Well found out the cause for this and unfortunately it has a really bad ending... So everything that could be checked has been checked and his health just keeps getting worse... Muscles wasting, extremely tired, refuses to eat dry food(has been fed it his whole life) on top of the eye issue... When this started a couple weeks ago we had a dog that had an eyelid issue but overall a happy and decently active dog(considering hip problems)... Towards the end he would lay in one place all day unless you make him move and sometimes made lil crying sounds... About four days ago I noticed a large firm lump on one side of his belly... Got him into the vet today and xrays taken and turns out to be an extremely large tumor... The firm lump was really his stomach being pushed to the side because of the tumor... The theory is the tumor spread and that was the reason for the eye and some other nerve issues.... We had another dog that had the same problem and we let it go on for a couple days and he went through alot of pain because of it(spleen ruptured)... So we decided to put Lucky to sleep today... If his health continued to decline like it was he would not have made it another week.... So feel horrible about it but think it was the best choice we had....


----------



## Jersey's Mom (Nov 25, 2007)

I'm so sorry to hear that you lost Lucky today. I can imagine how difficult this decision was for you, but it was the right thing to do. I know there's nothing I could say to make this hurt any less for you, but I will keep you and your family in my thoughts.

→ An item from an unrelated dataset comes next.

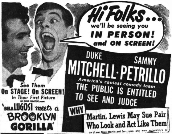 Comedian Sammy Petrillo had made a career out of imitating America’s hottest comic, Jerry Lewis. They looked alike and hey, even sounded the same. Petrillo even worked for Lewis once on The Colgate Comedy Hour and got signed to the same talent agency as Lewis, even as a minor, but was released from his contract when he believed that Lewis was intentionally holding him back.

Godspeed Lucky, run free and play hard!

Julie and Jersey


----------



## BeauShel (May 20, 2007)

I am so sorry about Lucky. We wil light a candle for him and you in memory. The only comfort I can give you is that at least he is out of pain now and running free with your other dog. I know it is painful but please try to remember the good times and not the last couple of weeks. Run free sweet boy and know you were well loved by your family.


----------



## Nanika (Jan 10, 2008)

I am sorry to hear that Lucky has gone to the bridge...I know that this is a difficult time for you but he is at peace now and it will come for you in time. You were lucky enough to have him for many, many good years (13 is OLD) and he is now free from pain and discomfort. You and your family will be in our prayers...


----------



## daisydogmom (Feb 26, 2007)

I am just so sorry for your loss. It sounds like you made the best possible decision for your pup since he was just so sick... Rest in peace Lucky.


----------



## Tahnee GR (Aug 26, 2006)

I am so so sorry for your loss-I know exactly how you feel. You made absolutely the right decision for your boy. These decisions are so hard even when we know it is the best one for our furkids.


----------



## russwards (May 1, 2010)

*3rd eye lid issues*

I have been reading all the posts about Lucky and I am crying like a baby! My poor Quigley is almost 5 years old. We didn't have him as a pup, but he does have some development problems. His hips are bad, his bladder leaks quite a bit, and he has had cronic ear infections. However he is a gorgeous, huge oversized (large paws, very tall) retriever. About two weeks ago his one 3rd eyelid came up over his eye about half way, his bottom eyelid is droopy and pulling away. I took him to the vet and they did a test by putting drops into his eye - if his eye went back to normal then their was no brain issues/tumours , they also thought maybe the ear infections were the cause. He was again on Otomax, antibiotics and prednizone. We went back for a check up last week and still has the otomax in one ear, other drops for his right ear. His next appointmnet is on thursday, but last night both eyes are now covered by the third eye lid, both eye lids are drooping and looks horrible. Please help!!
lI don't want this to end like Lucky.


----------



## Noey (Feb 26, 2009)

Sorry to hear about your loss of Lucky. Perhaps your story will help others get results for pups with similar issues.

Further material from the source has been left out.